MELISSAMEthodological contributions in statistical Learning InSpired by SurfAce engineering
The underlying dynamics of many physical problems are governed by parameterized partial differential equations (PDEs). Despite important scientific advances in numerical simulation, solving efficiently PDEs remains complex and often prohibitively expensive. Physics-informed Machine Learning (PiML) has recently emerged as a promising way to learn efficient surrogate solvers, and augment the physical laws by leveraging knowledge extracted from data. From a machine learning perspective, ignoring the fundamental principles of the underlying physics may lead to ill-posed problems and thus to implausible solutions yielding poor generalization.
Numerous algorithmic contributions in deep-learning have recently exploited domain knowledge for (i) designing suitable physics-regularized loss functions, (ii) initializing neural networks with meaningful parameters, (iii) guiding the design of consistent architectures, or (iv) building hybrid models.

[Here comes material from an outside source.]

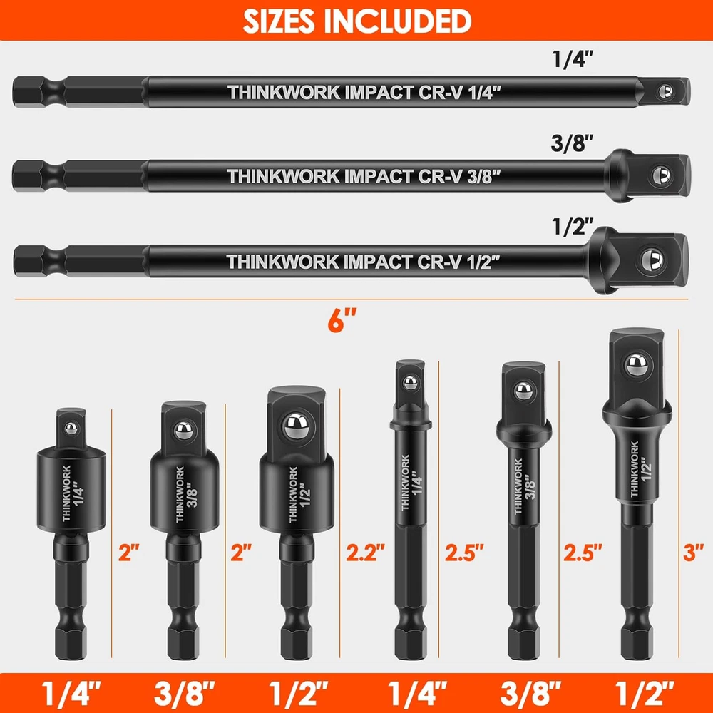 Store New Arrivals Add to Favorite View Feedback Contact Impact Socket Adapter Set, 1/4" 3/8" 1/2" Drill Socket Adapter, 1/4" Hex Shank Impact Driver Socket Adapter for Cordless Drill, Impact Driver, Power Drill, Impact Drill, 9-Piece Description Item model number PISA9S Style Longer Extension, Swivel-9pc Number of Pieces 11 Power Source hand_powered Color Black Material Chrome Vanadium Steel Country of Origin China Batteries Required? No Compatible Fastener Range 0.25 inches Drive System Hex, Square Item Weight 15.5 ounces Batteries Included? No Item Length 6 Inches Size One Size Included Components socket adapter Premium Quality: This impact adapter set is made from heat-treated and black phosphate coating treatment hardened chrome vanadium steel for superior durability. Secure Hold & Better Versatile: Spring ball of the impact drill adapters bearing on each square head to lock into sockets to avoid slipping securely during use. 1/4" hex shank for quick change with more flexibility. Clear Marking: Every drill adapter features high visibility laser etched size marking for easy identification. Well Organized: Thick & soft EVA inner keeps all the impact driver adapters organized and avoids scratching. Complete Sizes: Hex socket adapters including 1/4"F to 1/4"M socket adapter in 2.5" & 6" L, 1/4"F to 3/8"M socket adapter in 2.5" & 6" L, 1/4"F to 1/2"M socket adapter in 3" & 6" L, 3 pieces 360°rotatable socket adapter: 1/4"F to 1/4"M, 1/4"F to 3/8"M, 1/4"F to 1/2"M. Product Description Life is sweet, and every moment deserves to be appreciated. THINKWORK is a brand that offers professional tool products all over the world. We believe that "quality is better than quantity," to accomplish this better, THINKWORK puts quality first and offers our customers the best quality products. Must-Have Mechanic Tools It is a beautiful collection of everything you need to use. Whether experienced or a beginner, this impact grade socket adapter set is the ideal choice. Complete sizes Thick & soft EVA inner Secure hold & better versatile High visibility laser etched size High-strength chrome vanadium steel Heat-treated and black phosphate coating treatment Undisrupted Workflow Spring-loaded ball bearing provides a secure hold on sockets. Better Versatile 1/4" Hex shank for quick change with more flexibility. Premium Quality Made from heat-treated and black phosphate coating treatment hardened chrome vanadium steel for superior durability. ABOUT US We offer the best prices around on high quality products. Our E-store includes media such as books, movies, music and games while offering electronics, toys, sporting apparel, clothing, tools, general home, garden items and more. SHIPPING We are always working hard to ensure your package arrives as soon as possible. Please understand that some factors like weather, high postal traffic, and the performance of shipping companies are outside of our control. We offer free shipping to the lower 48 states and ship within 2 business days of payment, usually sooner. We do not accept P.O. Boxes. Please provide a physical address. For shipping outside of the continental USA, we only use eBay's Global Shipping Program.The item is shipped to KY and then sent to the rest of the world. International customers are responsible for all duties and taxes. Continue to check out in order to calculate costs for shipping the item to your country. Messages regarding eBay's Global Shipping Program MUST be directed at eBay EXCLUSIVELY. RETURNS We offer a 30-Day Return Policy on items which you are not completely satisfied with. You have the option for a full-refund or an exchange of the item. No returns are available on items shipped outside of the USA. PAYMENT We accept PayPal. CONTACT US This page content is yet to come Please ad us to your favorite seller and visit again later Thank You CUSTOMER SATISFACTION We try our very best to make sure every customer is completely satisfied. If there's a problem, message us! We're happy to help. WE ACCEPT Copyright © 2021 AutoDS. | All Rights Reserved

Despite indisputable advances, PiML remains an emerging topic with several open problems that remain to be addressed: (i) Deriving generalization/approximation guarantees; (ii) Learning with a limited amount of data; (iii) Augmenting partially known physical laws; (v) Modeling uncertainty; (vi) Building foundation models for physics.

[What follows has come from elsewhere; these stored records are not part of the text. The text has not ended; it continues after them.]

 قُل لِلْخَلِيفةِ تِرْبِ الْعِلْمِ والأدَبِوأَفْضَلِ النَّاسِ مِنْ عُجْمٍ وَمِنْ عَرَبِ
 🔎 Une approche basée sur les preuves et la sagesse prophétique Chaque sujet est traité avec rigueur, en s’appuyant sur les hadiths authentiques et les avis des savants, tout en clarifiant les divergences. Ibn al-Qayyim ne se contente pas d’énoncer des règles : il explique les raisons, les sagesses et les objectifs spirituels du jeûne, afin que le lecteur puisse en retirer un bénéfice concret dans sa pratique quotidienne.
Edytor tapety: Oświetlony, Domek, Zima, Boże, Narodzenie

Developing suited solutions that tackle these interrelated challenges is crucial for the usability of PiML in realistic scenarios. This is the goal of MELISSA which gathers 3 teams (Inria MALICE, Inria MAGNET and MLIA) with a strong expertise at the interface of machine learning, optimization and physics. By conducting this project from both theoretical and algorithmic perspectives, the objective is to design the next generation of provably accurate PIML algorithms in the challenging context of laser-matter interaction where data is scarce and the available physical laws only partially explain the observed dynamics.